I don't remember the name, but that string sub-pattern matching algorithm where the comparisons are all done by realizing a string is just a representation of a number, and comparing numbers and removing digits is much easier. It's a fantastic example of thinking outside the box.

The best algorithm is the reduction used in cook's theorem: A polynomial-time transformation of any algorithm into boolean satisfiability. Naming any sorting algorithm as "god-tier" marks you as an undergrad who never learned any actual computer science.

>the virgin quicksort
depended on choice of pivot
cannot be easily implemented outside arrays
smelly
worst case of n^2

>the CHAD heapsort
gives a shit about your data
can easily extend itself over all data structures
clean
always n*log(n)

Sleepsort

>Only works for numbers

A*

radix

>not define your own mapping of countable set to naturual

Boosting in general.

obsolete

Fast Fourier Transform

bubble sort

What's better (while being equally accurate)? Actually curious.

I like suffix tries.
I know they're simple, but they're cool.
KMP is fancy too.

Simplex algorithm and polyhedron theory.

Naming off impractical algorithms for academic cred won't make you popular with the girls, user. Not to mention any decent undergrad program will familiarize students with it by their third year.

my nigga.

printf and scanf

D*

all the probabilistic algorithms with good expected error bounds, e.g. hyperloglog

unironically probably the most important algorithm ever invented (not including the more basic ones, like addition algorithms, which it relies on).
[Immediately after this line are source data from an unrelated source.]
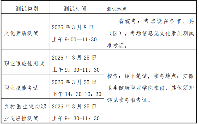(一)填报时间参加全省统一组织的文化素质测试且成绩合格的考生,于 2026 年 3 月 14 日 10:00 至3 月17 日17:00登录3gkbm.ahzsks.cn 填报院校与专业志愿。单独参加乡村医生定向委托培养计划报名的考生,无需参加省考试院组织的志愿填报。省卫生健康委核准各市报送报名初审通过考生名单后,由省考试院统一导入志愿信息。考生参加乡村医生定向委托培养计划报名的同时,还有意兼报其他院校其他专业的,可按照2026 年分类考试和对口招生工作实施办法,在规定时间内填报其他院校(专业)志愿,志愿填报办法与其他考生相同。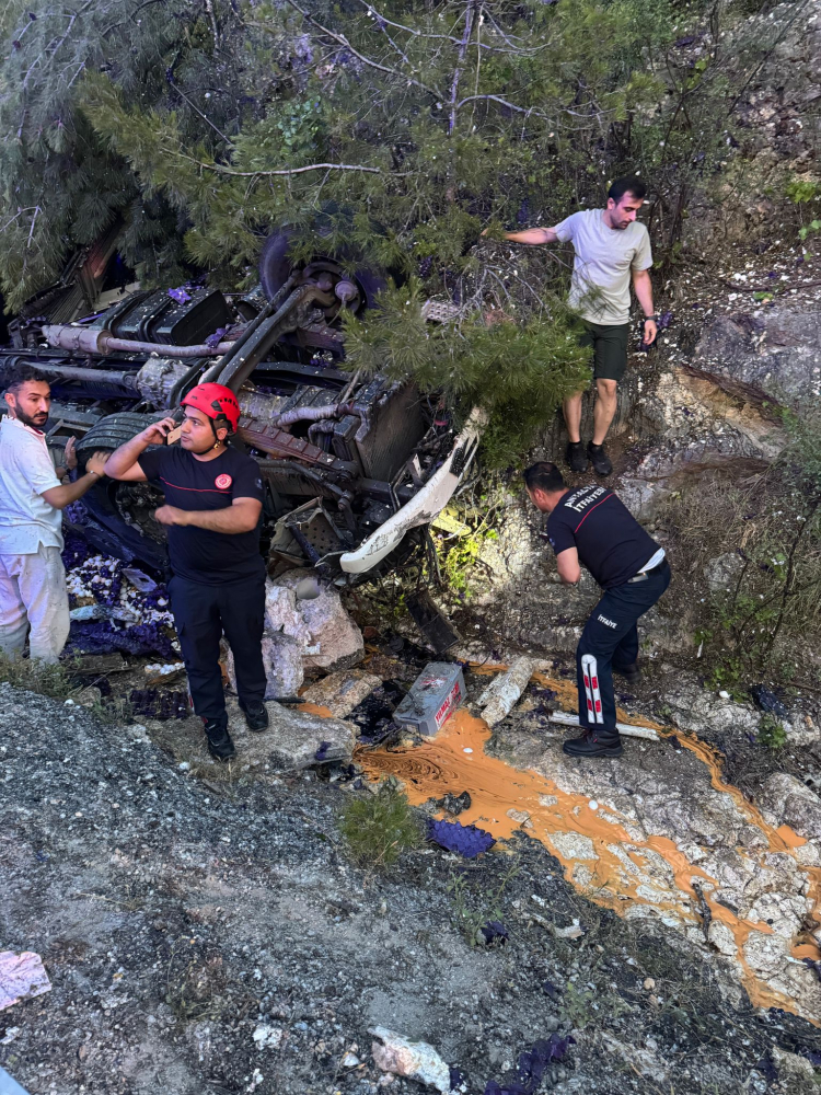 Osman Öztürk (60) idaresindeki 07 LEG 98 plakalı kamyon, Akseki-Manavgat kara yolu Güçlüköy Mahallesi yakınlarındaki virajdan şarampole devrildi.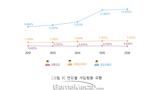 그리고 조사 결과 건전하게 게임을 이용하는 '게임선용군'이 증가했다는 것이 한국콘텐츠진흥원의 설명이다. 2015년에는 전체 응답자 중 11.7%가 '게임선용군'으로 분류됐는데 2016년에는 12%로 비중이 늘어난 것이다.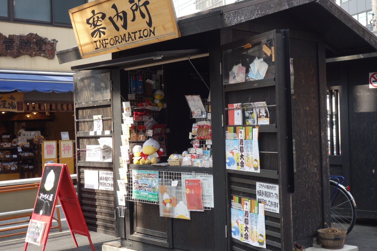巣鴨地蔵通り商店街の公式イメージキャラクターであるすがもんの公式グッズ販売店、そして商店街の案内所でもある小さなブースです。案内所にいらした方に商店街内の行きたいお店の場所を聞いたら親切に教えて下さいました。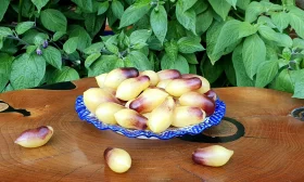 - Цельноплодное консервирование. Прочная кожица надежно защищает от растрескивания в горячем маринаде, а небольшой вес (15-25 г) гарантирует равномерный прогрев. Желтые плоды с фиолетовыми плечиками создают в банке необычный и привлекательный декоративный эффект.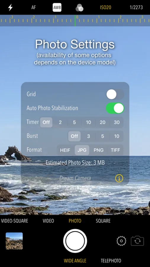 - File format: JPG, PNG, TIFF or HEIF (if supported by the device)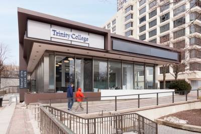 Finished in 2017 by JCJ Architecture, The Liberal Arts Action Lab is located at 10 Constitution Plaza in Hartford's business district. Students utilizing the Action Lab work to build research projects in collaboration with their peers, Trinity faculty, and local community groups and organizations. The goal of the building and program is to better integrate Trinity into Hartford, as well as attempting to address local issues through a liberal arts approach.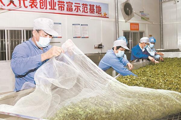 图为农户在峰茂茶叶专业合作社扶贫车间劳作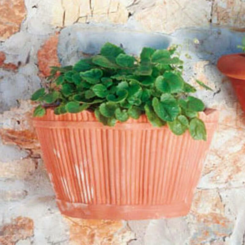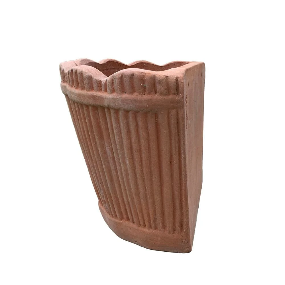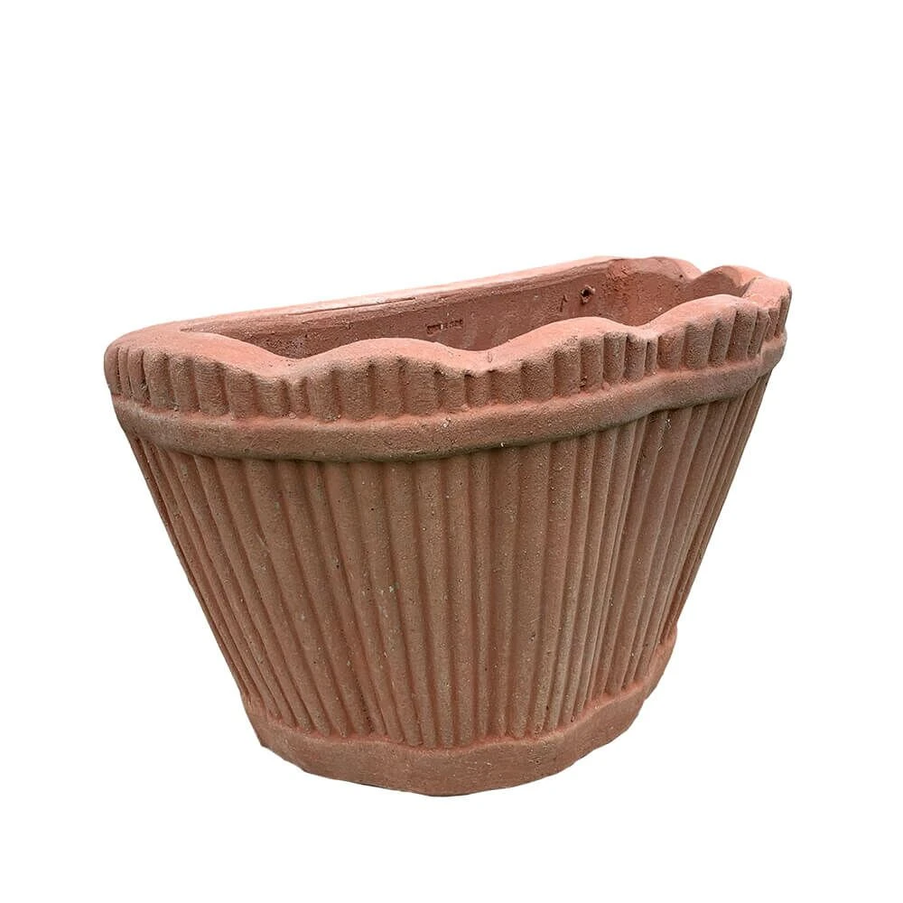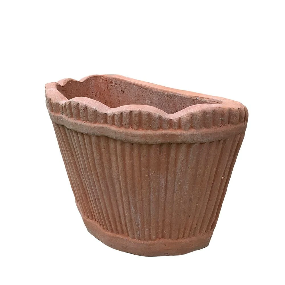 Bereits in der Antike und der Renaissance stellte Terrakotta ein beliebtes, leicht zu bearbeitendes Material dar, um Skulpturen, Vasen und Säulen stilvoll und gleichzeitig robust herzustellen. Für die Verarbeitung wird ein spezielles, eisenhaltiges Tongemisch verwendet, welches den Pflanztöpfen einen einzigartigen warmen, roten Farbton mit Nuancen verleiht. Für dieses Pflanzgefäß wird Impruneta-Terracotta verwendet, mit einem besonders hohen Anteil an Kuper-, Eisen- sowie Aluminiumoxiden. Nachdem das Steingut abgebaut und gekocht wurde, wird das Material zu einem Blumentopf geformt, welcher in liebevoller Handarbeit Verzierungen erhält. Nach der Modellierung erfolgt der Brennprozess im traditionellen Holzofen bei 960°C. Die für Terrakotta übliche Brenntemperatur liegt somit bei dieser speziellen Sorte höher. Im Gegensatz zu klassischem Ton erhält dieser Naturstoff keine Glasur am Ende der Bearbeitung. Passend zu dem Pflanzgefäß finden Sie bei uns Podeste und Skulpturen aus Terrakotta.
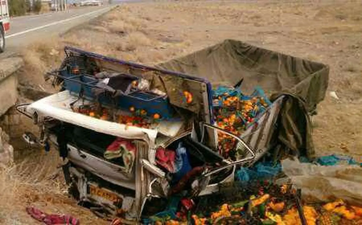 یک دستگاه خودروی وانت پراید و کامیون رنو حامل پرتقال با دیدن این صحنه به منظور کمک رسانی متوقف می شوند که در این حین یک دستگاه کامیون کشنده سر رسیده و با برخورد با کامیون، با پرتقال به روی خودرو وانت پراید می ریزد.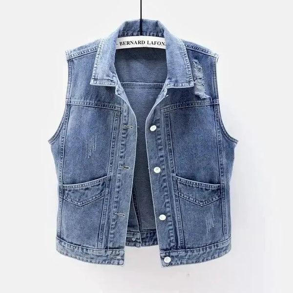 Stylish Denim Womens Vest - Distressed & Functional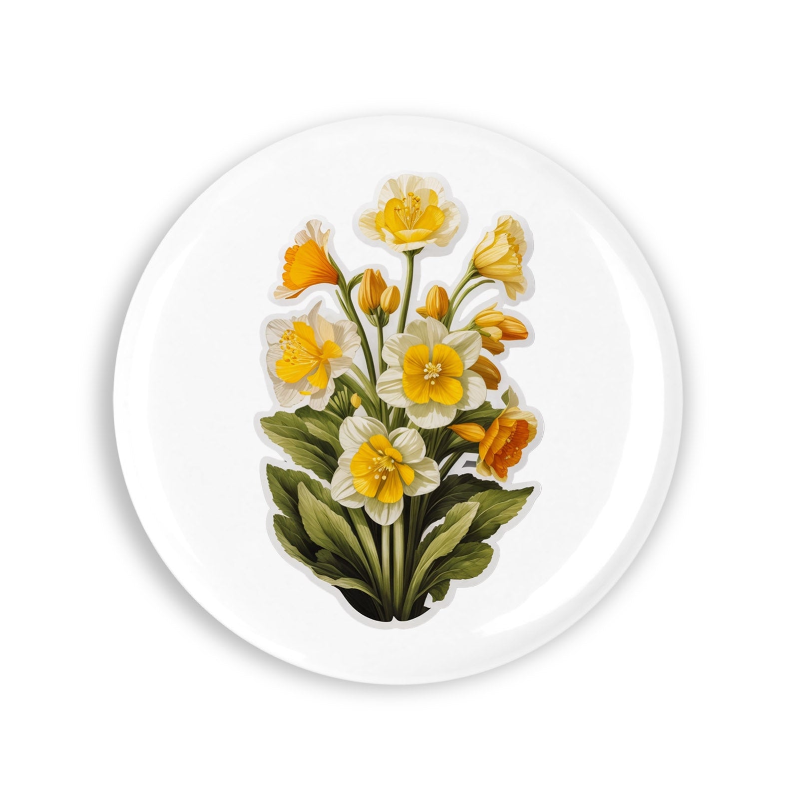 Set 4 insigne, Flori de ciubotica cucului, NO8027, Metal, 44 mm, Multicolor

I want to kill myself because I forgot all of this shit

dumbsort.
It is just superior.

quicksort is faster though.
heapsort is ok if memory is an issue

backpropagation

Not a long algorithm per se but dot product is so fucking useful. Wish I'd known about it years ago. It would have saved me a lot of pain. Actually I'm pretty sure they would have covered this in high school but I'd completely forgotten.

Bootstrapping

A*

Push–relabel maximum flow algorithm

x264

Rabin-karb with rolling hashfunction

>rolling hashfunction
any examples? I remember the first thing that came to my mind was just xor but that's prone to false positives

Viterbi

This was fixed in the 90s by adding an equal to check or a second pivot, making quicksort nlogn worst case

itt first year cs

So does every single sort, dumb-dumb. The notion of sorting implies an order, and the only thing that has an explicit order are numbers. Everything else has to be mapped to a number.

counting sort

D* is obsolete as well, D*-lite is better.
And if you don't need to calculate it multiple times (i.e. static environment), there's no reason not to use A*.
t. writing master's thesis on robot navigation

Incrementation.

en.wikipedia.org/wiki/Rolling_hash

a xor b
b xor a
a xor b
[|/code]
Truly the best swapping algorithme

> Bootstrapping
As in non-parametric statistics? If so, I'm with you.

Bootstrapping a self-hosting compiler isn't really an algorithm unless you have a really broad definition.

You forget about the superior mergesort, assuming memory isn't an issue. It's stable whereas heapsort isn't.